Using the first user Agent on Android above, when creating the request object, pass in the headers parameter, the code is as follows

1  fromUrllibImportRequest2 3 #take csdn as an example, CSDN does not change the user agent is inaccessible4URL ="http://www.csdn.net/"5Head = {}6 #Write user agent information7head['user-agent'] ='mozilla/5.0 (Linux; Android 4.1.1; Nexus 7 build/jro03d) applewebkit/535.19 (khtml, like Gecko) chrome/18.0.1025.166 safari/535.19'8 #Create a Request object9req = Request.

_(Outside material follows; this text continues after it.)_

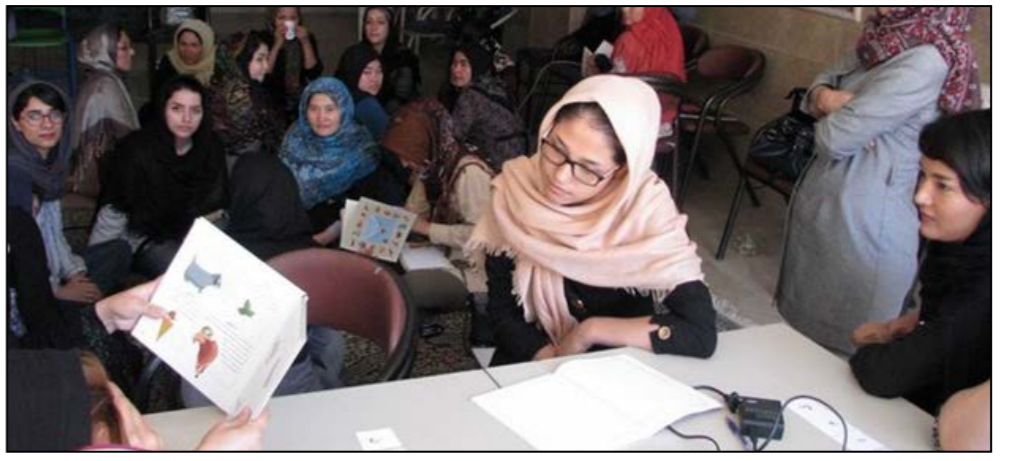
برنامه ترویج کتابخوانی در قالب طرح «با من بخوان» برای ۴۰۰ کودک در شهر مزارشریف افغانستان اجرا می‌شود.

Request (URL, headers=head)Ten #passing in the created Request object OneResponse =Request.urlopen (req) A #read response information and decode -html = Response.read (). Decode ('Utf-8') - #Printing Information the Print(HTML)

The results are as follows

Method Two:

Using the first user Agent on Android above, do not pass in the headers parameter when creating the Request object, after creation use the Add_header () method, add headers, the code is as follows

 fromUrllibImportRequesturl='http://www.csdn.net/'#Create a Request objectreq =request. Request (URL)#Incoming HeadersReq.add_header ('user-agent','mozilla/5.0 (Linux; Android 4.1.1; Nexus 7 build/jro03d) applewebkit/535.19 (khtml, like Gecko) chrome/18.0.1025.166 safari/535.19')#passing in the created Request objectResponse =Request.urlopen (req)#read response information and decodehtml = Response.read (). Decode ('Utf-8')Print(HTML)

The running result is the same as the previous

Iv. Use of IP proxies

1. Why Use IP Proxy

The speed of the program is very fast, if we use a crawler to crawl things on the site, a fixed IP access will be very high, this does not conform to the standard of human operation, because human operations can not be in a few milliseconds, so frequent access. So some sites will set a threshold for IP access frequency, if an IP access exceeds this threshold, it means that this is not a person in the access, but a reptile program

2. Steps

(1) Call Urllib.request.ProxyHandler (), the proxies parameter is a dictionary

(2) Create opener (similar to Urlopen, this way of generation to make our own custom)

(3) Installation opener

3. Proxy IP Selection

West Thorn Proxy IP Select a 111.155.116.249 from

4. The code is as follows

1  fromUrllibImportRequest2 3 if __name__=="__main__":4     #Visit URL5URL ='http://www.whatismyip.com.tw/'6     #This is the proxy IP7Proxy = {'http':'60.184.175.145'}8     #Create Proxyhandler9Proxy_support =request. Proxyhandler (proxy)Ten     #Create opener OneOpener =Request.build_opener (Proxy_support) A     #Add user angent -Opener.addheaders = [('user-agent','mozilla/5.0 (Linux; Android 4.1.1; Nexus 7 build/jro03d) applewebkit/535.19 (khtml, like Gecko) chrome/18.0.1025.166 safari/535.19')] -     #Installing opener the Request.install_opener (opener) -     #use your own installed opener -Response =request.urlopen (URL) -     #read the corresponding information and decode +html = Response.read (). Decode ("Utf-8") -     #Printing Information +     Print(HTML)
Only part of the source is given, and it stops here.